Holders of Series A Preferred Units will have no voting rights except for limited voting rights with respect to potential amendments to the Partnership Agreement that have a material adverse effect on the existing terms of the Series A Preferred Units, the issuance by the Partnership of certain securities, approval of certain fundamental transactions and as required by law.


Upon the transfer of any Series A Preferred Unit to a non-affiliate of the Purchaser, the Series A Preferred Units will automatically convert into a new series of preferred units (the “Series B Preferred Units”) on the later of the date of transfer and the second anniversary of the date of issue.
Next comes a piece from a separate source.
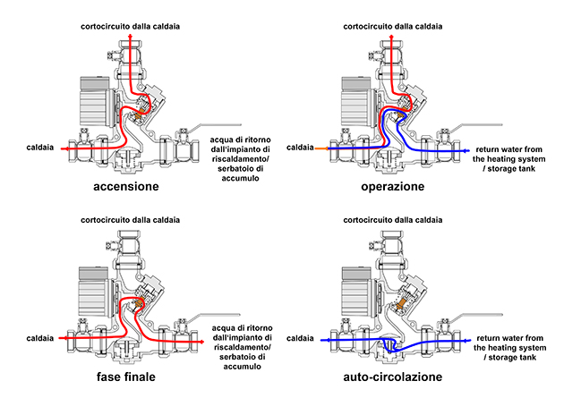 - Al termine del riscaldamento, trasferire il calore residuo dalla caldaia al serbatoio.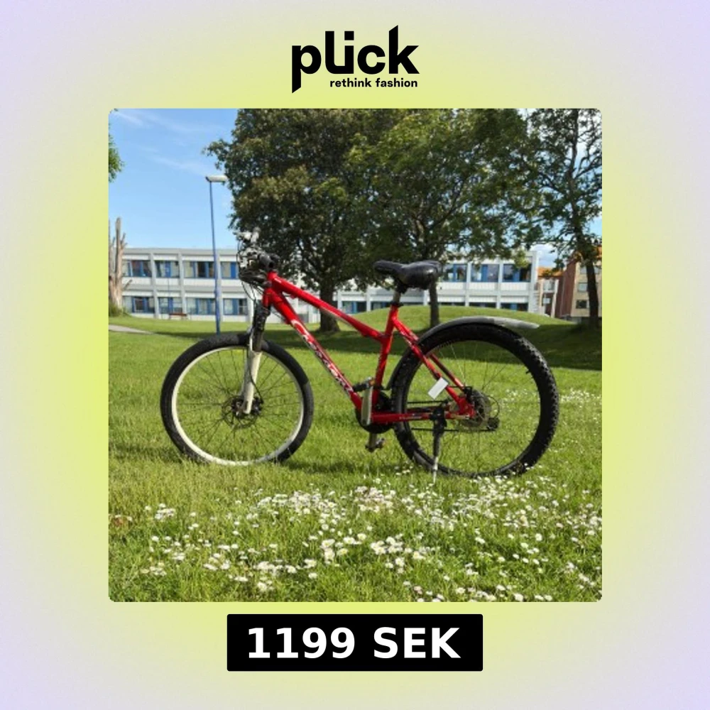 Bilderna visar en röd mountainbike av märket Crescent, modell MTB Alloy 24SP. Cykeln har grova däck, stänkskärmar, och ett bekvämt sadel från Biltema. Perfekt för dig som gillar att cykla i skogen eller till skolan. Utrustad med växlar och handbromsar för extra kontroll. Det bra priset är för att Fram gaffeln på cykeln är trasig och behövs bytas. Sen är den rätt så gammal också så den är lite rostig men funkar magnefikt ändå. Skriv i Dm om du har flera frågor

The Series B Preferred Units will have the same terms as the Series A Preferred Units except that unpaid distributions on the Series B Preferred Units will accrue on a cumulative basis until paid.

The Purchase Agreement and the other transactions relating to the Partnership described in this Current Report on Form 8-K (this “Current Report”) were reviewed and approved by the Board of Directors (the “GP Board”) of the General Partner, as well as the Conflicts Committee of the GP Board.

The foregoing description of the Purchase Agreement does not purport to be complete and is qualified in its entirety by reference to the text of the Unit Purchase Agreement, which is filed as Exhibit 10.1 to this Current Report and is incorporated herein by reference.

Item 3.02. Unregistered Sales of Equity Securities.

The information regarding the Private Placement set forth in Item 1.01 of this Current Report is incorporated by reference into this Item 3.02. The private placement of the Series A Preferred Units pursuant to the Purchase Agreement will be undertaken in reliance upon an exemption from the registration requirements of the Securities Act of 1933, as amended, pursuant to Section 4(a)(2) thereof.

Item 9.01. Financial Statements and Exhibits.

(d) Exhibits.

 

EXHIBIT
NUMBER

       

DESCRIPTION

10.1       Purchase Agreement, dated as of January 28, 2016, by and between Enable Midstream Partners, LP and CenterPoint Energy, Inc.


SIGNATURES

Pursuant to the requirements of the Securities Exchange Act of 1934, the registrant has duly caused this report to be signed on its behalf by the undersigned hereunto duly authorized.

 

    ENABLE MIDSTREAM PARTNERS, LP
    By:  

Enable GP, LLC,

its General Partner

Date: February 1, 2016     By:   /s/ J. Brent Hagy
      J. Brent Hagy
      Vice President, Deputy General Counsel, Secretary and Chief Ethics & Compliance Officer


INDEX TO EXHIBITS

 

EXHIBIT
NUMBER

       

DESCRIPTION

10.1       Purchase Agreement, dated as of January 28, 2016, by and between Enable Midstream Partners, LP and CenterPoint Energy, Inc.